As for Representative Banks, your total lack of fore sight and that of the other co-sponsors and Degenfelder is mind boggling. Let’s cut off our nose to spite our face. Furthermore, since when did the sale of the Kelly parcel become divisive, seems to me there was overwhelming public support for this transaction.
Land sales/swaps have always been, and should continue to be considered on a case by case basis. Having a blanket policy restricts transactions that actually can be beneficial, such as the Marton Ranch sale.
The result of all this performance theatre is that possibly *NO* land exchanges / transactions will get done in the future involving public land agencies (including State Lands, IMO) and both private property rights, taxpayers and legitimate interests of the recreating public (which includes US citizens from other states, and foreign tourists with the “…right papers…”; the kind that pay a lot of sales & lodging taxes on their visits to Wyoming) will suffer because of it.
Land exchanges will simply become too politically charged…anyone with a functioning brain will quickly realize it’s a pointless exercise in futility.
SMH…some common sense to go around, please
Parcels like the Kelly land deal are very beneficial to Wyoming. This kid looks like another one to vote out of office. I hope you Wyoming voters are paying attention to the party that supports federal land-your playground.

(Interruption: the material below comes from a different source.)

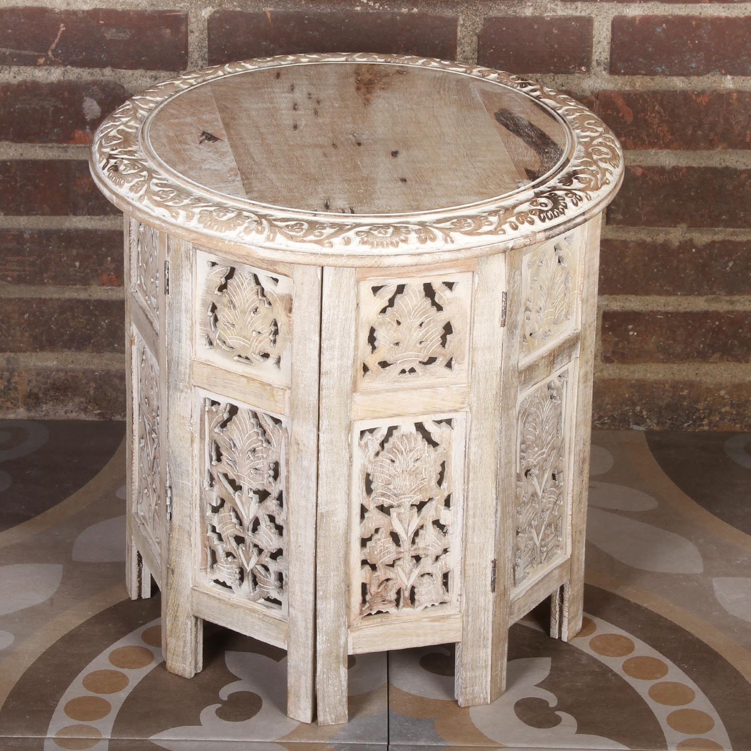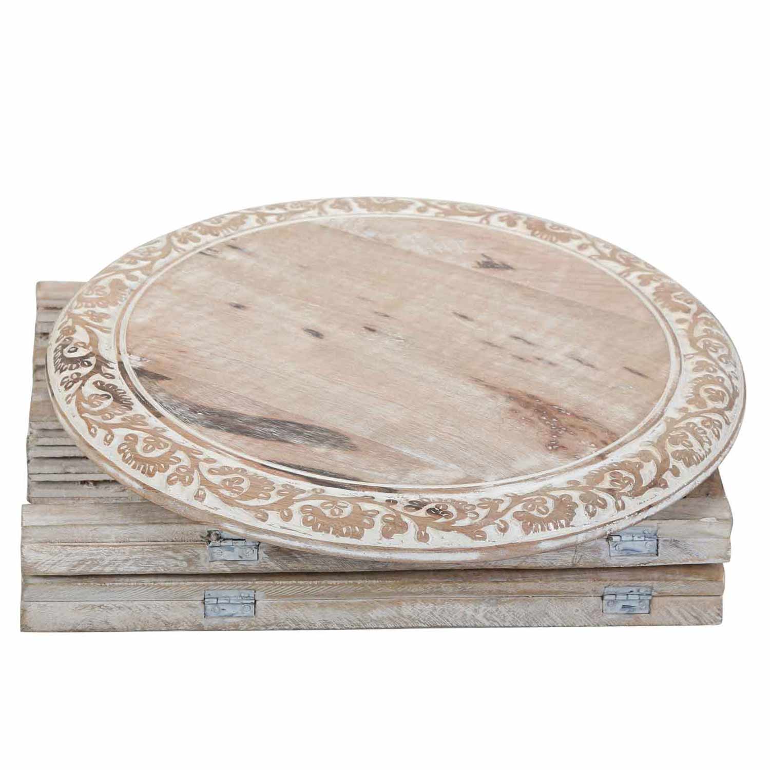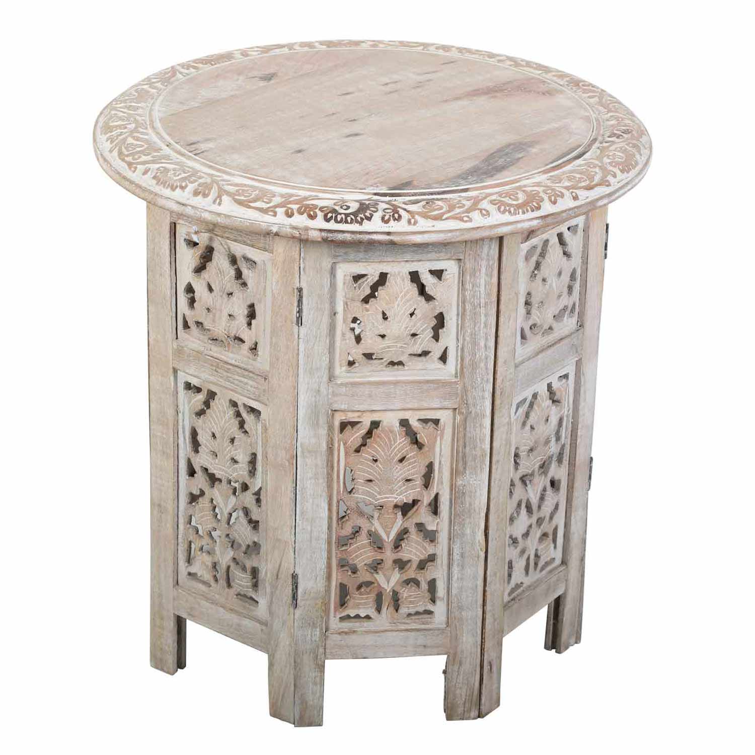 - Material: mango wood with oriental carvings.

I used to strongly support no net gain of federal land in Wyoming but that all changed over the Kelly fiasco, the Marston Ranch purchase and the development on State of Wyoming land near Jackson. Seems the federal land managers are capable of making better decisions about land use than our current State of Wyoming team. In addition, land swaps can produce remarkable results by blocking up private, state and federal land holdings thus minimizing our problem with fragmented land ownership.

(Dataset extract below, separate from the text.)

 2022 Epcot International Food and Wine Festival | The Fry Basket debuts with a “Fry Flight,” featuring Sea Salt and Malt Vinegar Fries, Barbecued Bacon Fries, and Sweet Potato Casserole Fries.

I’d like to hear some feedback from the users of the public lands with respect to the Marston Ranch purchase by the BLM. The public was loudly demanding more access to land locked federal land and the Marston ranch purchase opened up almost 36,000 acres of federal land to the public whilst the Marstons still retained the grazing rights. How many of you were able to access 8.2 miles of Platte River frontage on the east bank of the Platte. On the other hand, have the various County Commissioners and the State of Wyoming used their regulatory powers to improve access to federal lands that are land locked – seldomly if it all.
And, the public strongly supported conserving sizeable blocks of federal land in the Rock Springs RMP – but, our state government was only interested in exploitation of the federal lands – grazing excluded since those grazing rights are well over 140 years old. We need a more mature attitude out of Cheyenne about the use of state and federal lands in Wyoming – and an administration that listens to the public.
Simple answer to stop the destruction of our public lands. Quit trying to ranch on public lands. Our wild animals and our wild horses are being abused because all of you are trying to make the Western ranges what they were never meant to be. Greed IS destroying the Western states ecological systems. Greed of land grabbing, money grabbers are destroying our land. Humans destroy the land wherever they go and soon it will be unrecognizable.